Binarized Neural Networks (BNNs) A Review of Binarized Neural Networks are deep neural networks that use binary values for activations and weights, instead of full precision values.  BNNs can execute computations using bitwise operations, which reduces execution time. Model sizes of BNNs are much smaller than their full precision counterparts.  At training-time the binary weights and activations are used for computing the parameters gradients. During the forward pass, BNNs drastically reduce memory size and accesses, and replace most arithmetic operations with bit-wise operations, which is expected to substantially improve power-efficiency. While the accuracy of a BNN model is generally less than full precision models, BNNs have been closing accuracy gap and are becoming more accurate on larger datasets like ImageNet.  Binary Neural Networks (BNNs) show promising progress in reducing computational and memory costs, but suffer from substantial accuracy degradation compared to their real-valued counterparts on large-scale datasets. Convolutional Neural Networks (CNNs) have achieved state-of-the-art on a variety of tasks related to computer vision, for example, classification detection and text recognition. By reducing memory footprint and accelerating inference, there are two main approaches which allow for the execution of neural networks on devices with low computational power. By quantized floating point numbers with lower precision (binary ,1 bit of storage) weights and activations  are used in these approaches. By using binary weights and inputs a BNN can achieve up to 32×memory saving and 58× speedup on CPUs by representing both weights and activations with binary values.

Binary Neural Network
Binary Neural Network

In BNNs, there are real valued weights which are learned and binary versions of those weights which are used in the dot product with binary activations. In BNNs, the output of the activation function is a binary value and the activation function is the sign function. All values that are learned by the network through backpropagation. This includes weights, biases, gains and other values. Gain is a scaling factor that is usually learned from statistics. The term scaling factor is used at times in the literature, but we use gain here to emphasis its correlation with bias. The connection and layout of digital hardware.

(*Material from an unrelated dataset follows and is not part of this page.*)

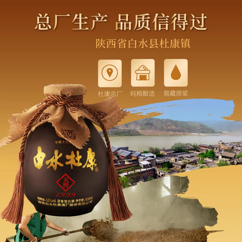 白水杜康天窖1999白酒整箱52度浓香型纯粮食酒500ml*6瓶送礼盒装
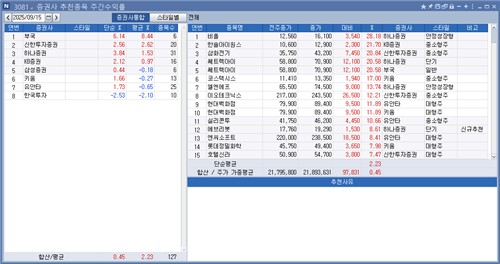 추천종목의 누적 등락률은 인포맥스 화면 '증권사 추천종목 현황(화면번호 3080)'을 통해 실시간으로 확인할 수 있다.

The paper Deep Learning Binary Neural Network on an FPGA presents the architecture design of convolutional neural network with binary weights and activations by using an FPGA platform. Weights and input activations are binarized with only two values, +1 and -1, and proposed design uses only on-chip memories. An efficient implementation of batch normalization operation is introduced. When evaluating the CIFAR-10 benchmark, the proposed FPGA design can achieve a processing rate of 332,158 images per second with accuracy of 86.06% using 1-bit quantized weights and activations.

Another autrors Binarized Neural Networks: Training Neural Networks with Weights and Activations Constrained to +1 or 1 have introduced BNNs, DNNs with binary weights and activations at run-time and when computing the parameters gradients at train-time. They have conducted two sets of experiments on two different frameworks, on both, BNNs achieved nearly state-of-the-art results over the MNIST, CIFAR-10 and SVHN datasets. They wrote a binary matrix multiplication GPU kernel with which it is possible to run our MNIST BNN 7 times faster than with an unoptimized GPU kernel, without suffering any loss in classification accuracy.  During the forward pass (both at run-time and train-time), BNNs drastically reduce memory size and accesses, and replace most arithmetic operations with bit-wise operations, which might lead to a great increase in power-efficiency. Last they programed a binary matrix multiplication GPU kernel with which it is possible to run our MNIST MLP 7 times faster than with an unoptimized GPU kernel, without suffering any loss in classification accuracy.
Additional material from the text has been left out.